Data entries
_ _ _

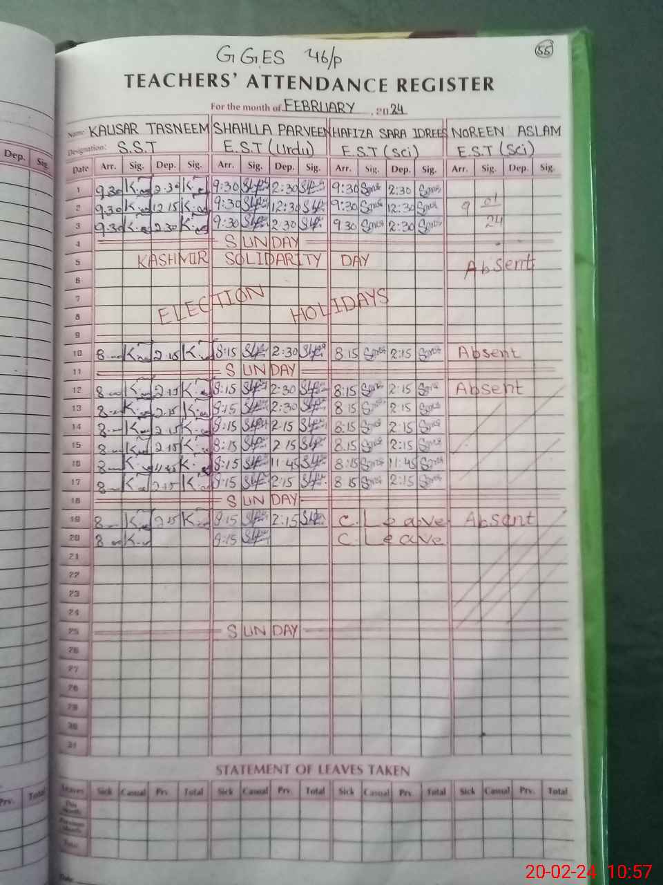| Leave | Duty | Absent | Maternity | Medical | Ex- Pak |
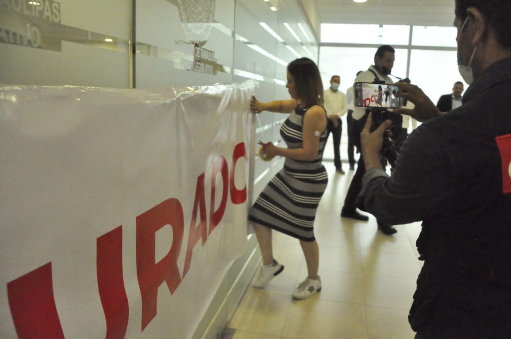 Con una manta que dice “Clausurado” en la puerta principal de la máxima tribuna parlamentaria del estado y detrás de ella una cadena con candado, el Grupo Parlamentario de Morena en el Congreso Local se “Amotinaron” en protesta por la imposición de leyes y reformas que pretenden “Blindar” el régimen político de estado que está por finalizar.
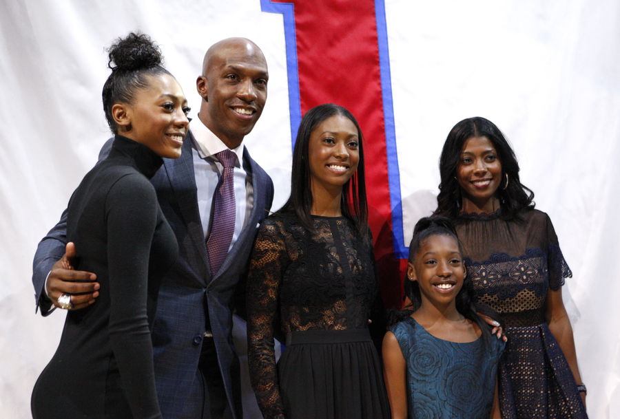 Feb 10, 2016; Auburn Hills, MI, USA; Chauncey Billups poses with his family during the halftime retirement ceremony in the game between the Detroit Pistons and the Denver Nuggets at The Palace of Auburn Hills. Mandatory Credit: Raj Mehta-USA TODAY Sports
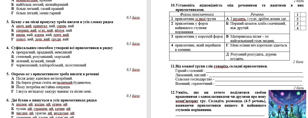 Підсумкова робота з української мови за ГР 4 “Досліджує мовлення” розроблена для учнів 6 класу, які вивчили тему “Прикметник як частина мови” (модельна навчальна програма «Українська мова. 5-6 класи» для закладів загальної середньої освіти (автори: Заболотний О. В., Заболотний В. В., Лавринчук В. П., Плівачук К. В., Попова Т. Д.)).
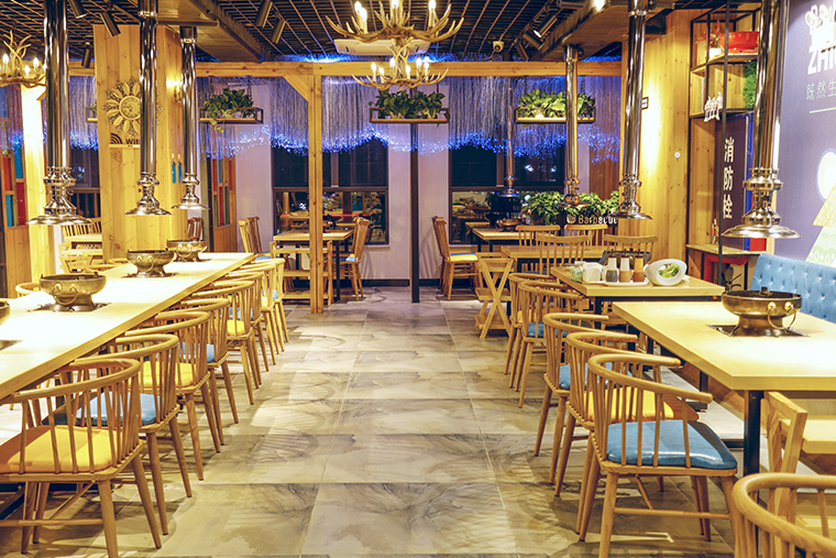 4、餐廳照明:一家有出色的燈光設計的餐廳可以給顧客帶來視覺與味覺的雙重享受,讓人身心愉悅。好的燈光設計,可以增加食物質感,還原食材的真實顏色從而激發顧客的食欲。炙成一派采用了3500K色溫照明,在燈光照耀下,展現牛羊肉的新鮮肉質感,同時偏暖的光源也營造出溫馨、舒適的就餐環境。在燈具的選擇上,我們使用了與空間裝飾風格想匹配的工業風蠟燭吊燈,而在靠窗一側,則使用了垂釣而下的絲帶燈,顧客在用餐之余仿佛將自己置于星星閃爍的蒼穹星空之下,非常有情趣。
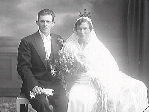 Brudpar, Allan Andersson från Hunnestad Blixtorp med maka. Bröllopsbild. (Se även bildnr MR2_296, MR2_297, MR2_298)

_ _ _

Each line from the one containing "Підсумкова робота з" through the last line of the entries above is to be extracted exactly. Pictures are not part of the copy.

 Підсумкова робота з української мови за ГР 4 “Досліджує мовлення” розроблена для учнів 6 класу, які вивчили тему “Прикметник як частина мови” (модельна навчальна програма «Українська мова. 5-6 класи» для закладів загальної середньої освіти (автори: Заболотний О. В., Заболотний В. В., Лавринчук В. П., Плівачук К. В., Попова Т. Д.)).
 4、餐廳照明:一家有出色的燈光設計的餐廳可以給顧客帶來視覺與味覺的雙重享受,讓人身心愉悅。好的燈光設計,可以增加食物質感,還原食材的真實顏色從而激發顧客的食欲。炙成一派采用了3500K色溫照明,在燈光照耀下,展現牛羊肉的新鮮肉質感,同時偏暖的光源也營造出溫馨、舒適的就餐環境。在燈具的選擇上,我們使用了與空間裝飾風格想匹配的工業風蠟燭吊燈,而在靠窗一側,則使用了垂釣而下的絲帶燈,顧客在用餐之余仿佛將自己置于星星閃爍的蒼穹星空之下,非常有情趣。
 Brudpar, Allan Andersson från Hunnestad Blixtorp med maka. Bröllopsbild. (Se även bildnr MR2_296, MR2_297, MR2_298)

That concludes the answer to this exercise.